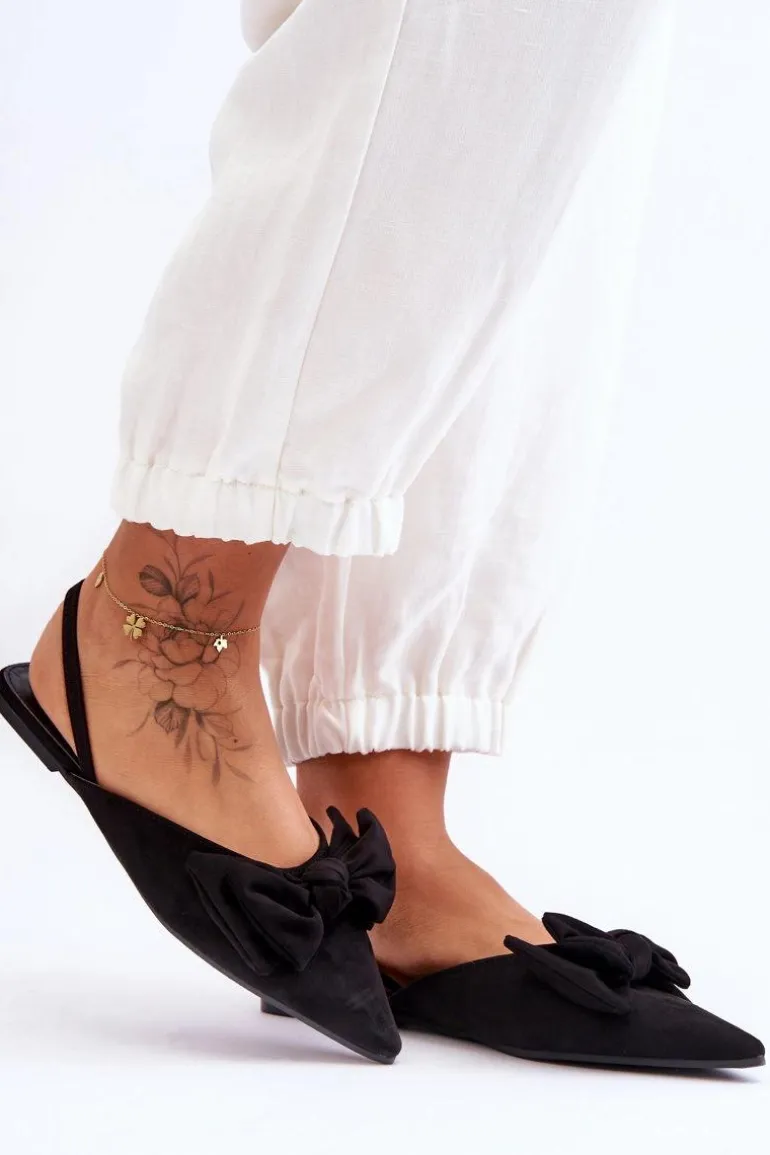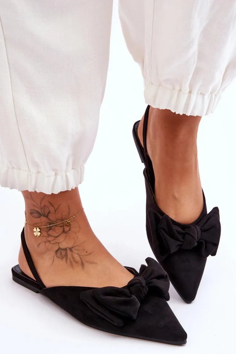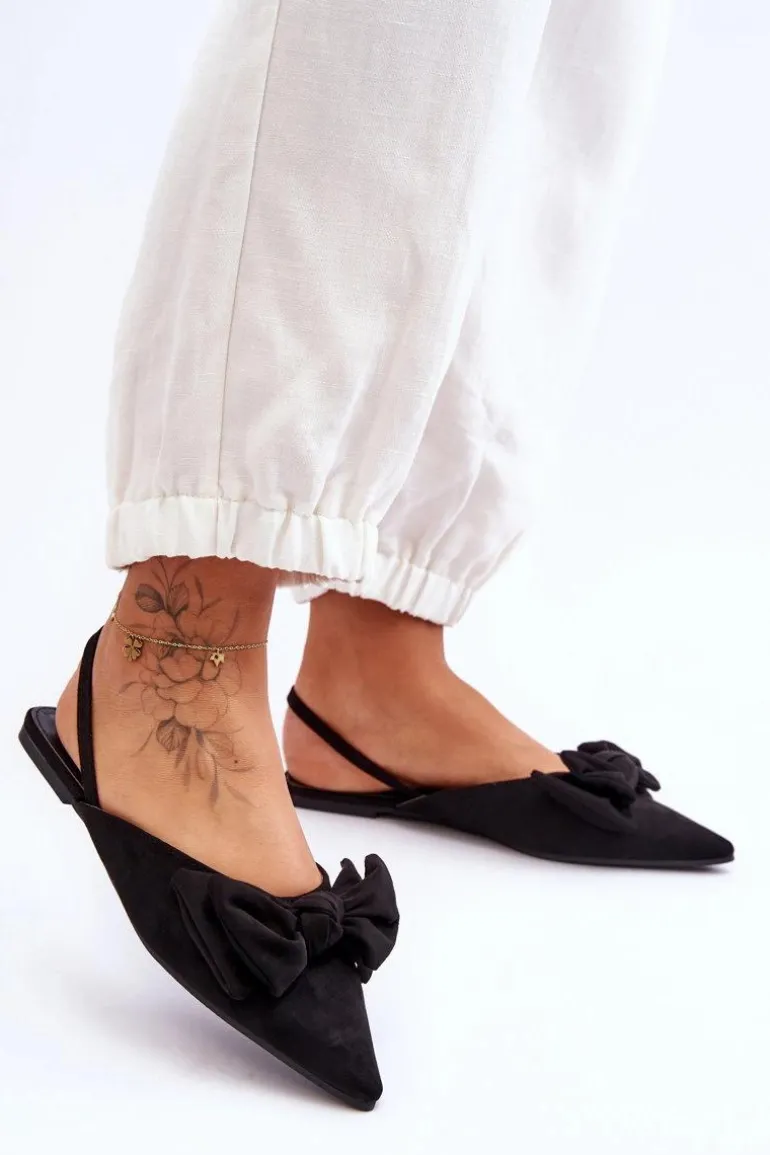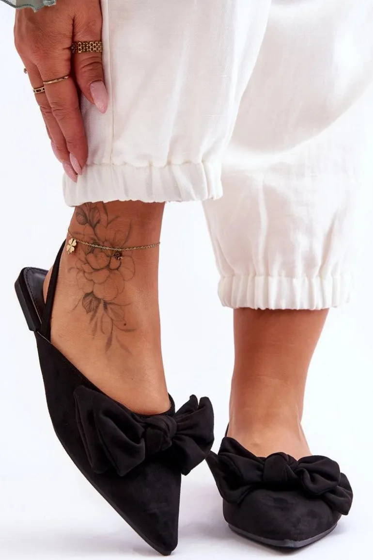 Damskie Wsuwane Baleriny Z Kokardą Czarne Nadine
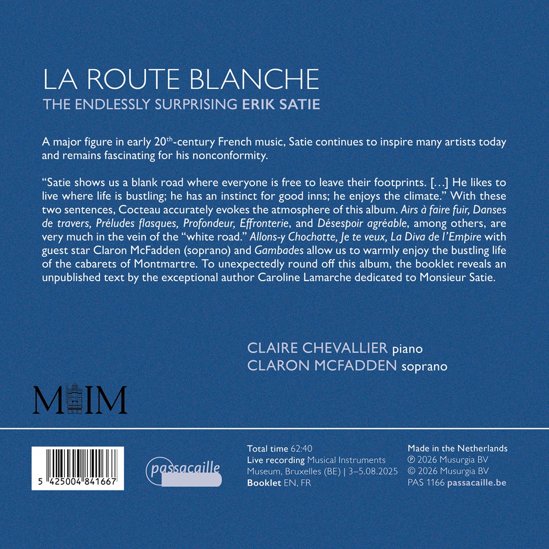 Een sleutelfiguur in de Franse muziek van het begin van de twintigste eeuw, blijft Satie vandaag vele kunstenaars inspireren en blijft hij fascineren door zijn non-conformisme. “Satie toont ons een witte weg waarop iedereen vrij is zijn voetsporen achter te laten. […] Hij leeft graag waar het leven bruist; hij heeft een instinct voor goede herbergen; hij houdt van het klimaat.” Met deze twee zinnen roept Cocteau treffend de sfeer van dit album op. Airs à faire fuir, Danses de travers, Préludes flasques, Profondeur, Effronterie en Désespoir agréable, onder andere, liggen geheel in het verlengde van de “witte weg”. Allons-y Chochotte, Je te veux, La Diva de l’Empire met gastsoliste Claron McFadden (sopraan) en Gambades laten ons warm genieten van het bruisende leven van de cabarets van Montmartre. Als onverwachte afsluiting onthult het cd-boekje een ongepubliceerde tekst van de uitzonderlijke schrijfster Caroline Lamarche, gewijd aan Monsieur Satie.
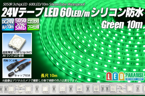 ホーム | 5050テープLED > 24V長尺10m24VテープLED60LED/mシリコン防水 緑色 10m
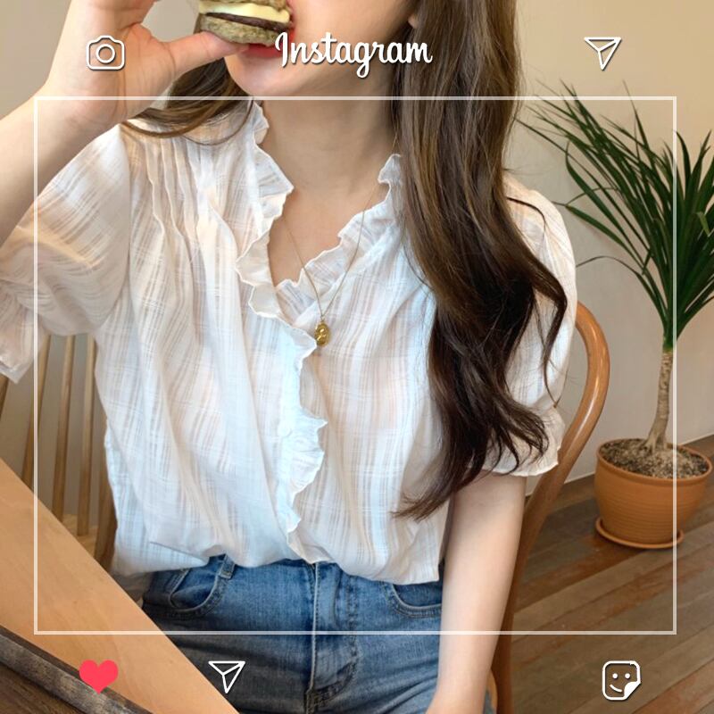 パフスリーブシャツ シャツ ブラウス 半袖 レディース. レトロ 韓国 かわいい フェミニン a3299
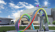 대구시는 동대구역 광장에 상징 조형물을 10월 중 설치한다. 장소는 새 고가교 건설 및 확장에 따라 새로 조성 중인 곳이다. 조형물(조감도)은 가로 18.1m, 세로 12.7m, 높이 10.8m 크기다. 전시전문업체인 월러스코(경기 고양시) 소속 최진호 작가의 작품으로 명칭은 ‘웃는 얼굴의 대구시’이며 부제는 ‘무한시선’이다. 화강석 좌대에 철강으로 뫼비우스 띠를 형상화했다. 대구의 관문 이미지와 미래 성장을 표현했다. 발광다이오드(LED)로 야간 경관 조명도 설치한다. 작품료는 5억 원이다. 동대구역 새 고가교는 모습을 드러내고 있다. 현재 공정은 84%. 10월 준공 예정이다. 시는 1524억 원을 들여 기존 다리를 철거하고 1만8400m²인 역 주변 공간을 6만9081m²로 4배 가까이로 확장하는 공사를 하고 있다. 넓어진 공간에 상징 조형물을 비롯해 잔디광장과 바닥분수 등을 갖춘 2만3767m² 크기의 광장을 조성한다. 동대구역 도로 565m 구간은 기존 6차로에서 10차로로 확대된다.장영훈 기자 jang@donga.com}
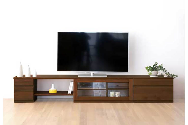 収納力がありごちゃつきがちなテレビ周りの配線もきれいにまとめられる、すっきりとした暮らしに欠かせない家具です。
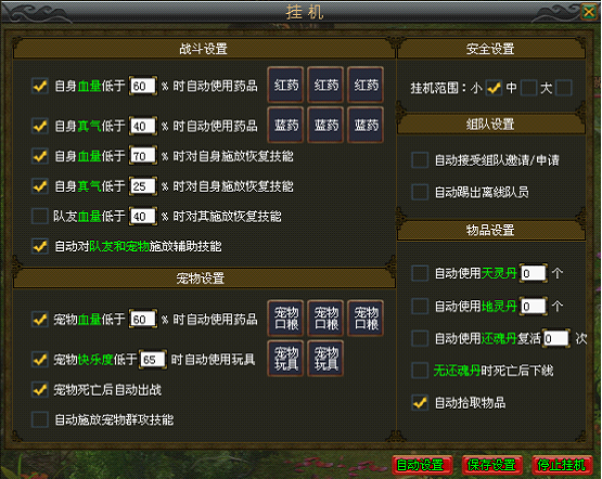 在挂机过程中,可以选择药品自动补血功能。将包裹中的红蓝药、宠物药拖到相应的方框内,挂机时会自动为玩家和宠物进行补血补气。挂机时,会自动捡取怪物掉落的所有物品。
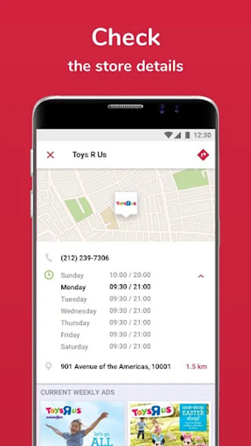✔ MAP: use the built-in map to find the location of any store including address and phone number, then choose your preferred navigation program to get directions with one click
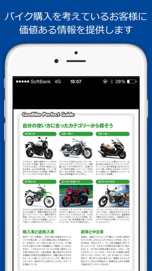 日本最大級のバイク検索サービス、Gooバイクが提供するBike専門の電子書籍アプリ! ■GooBike Booksとは 「バイクを買いたい人」のためのバイヤーズガイド。新車紹介やインプレッション情報、メンテナンス情報など、既にバイクを持っている人にも使える情報が満載です。 ホンダ/ヤマハ/カワサキ/スズキ/ドゥカティ/ハーレーダビッドソン/ベスパ/ピアジオ/テラモーターズなどの人気メーカーについての特集や、CB400/SR400/ゼファー/スティード/ドラッグスター/フォルツァ/マジェスティなどの人気車種にスポットを当てた特集や、ネイキッド/レプリカ/オフロード/ツアラー/アメリカン/ビッ…
◇ ◇ ◇
In the data above, start at the line holding "ホーム | 5050テープLED" and stop after the line holding "パフスリーブシャツ シャツ ブラウス"; write out those lines exactly, without pictures.

• **Answer for the task**
 ホーム | 5050テープLED > 24V長尺10m24VテープLED60LED/mシリコン防水 緑色 10m
 パフスリーブシャツ シャツ ブラウス 半袖 レディース. レトロ 韓国 かわいい フェミニン a3299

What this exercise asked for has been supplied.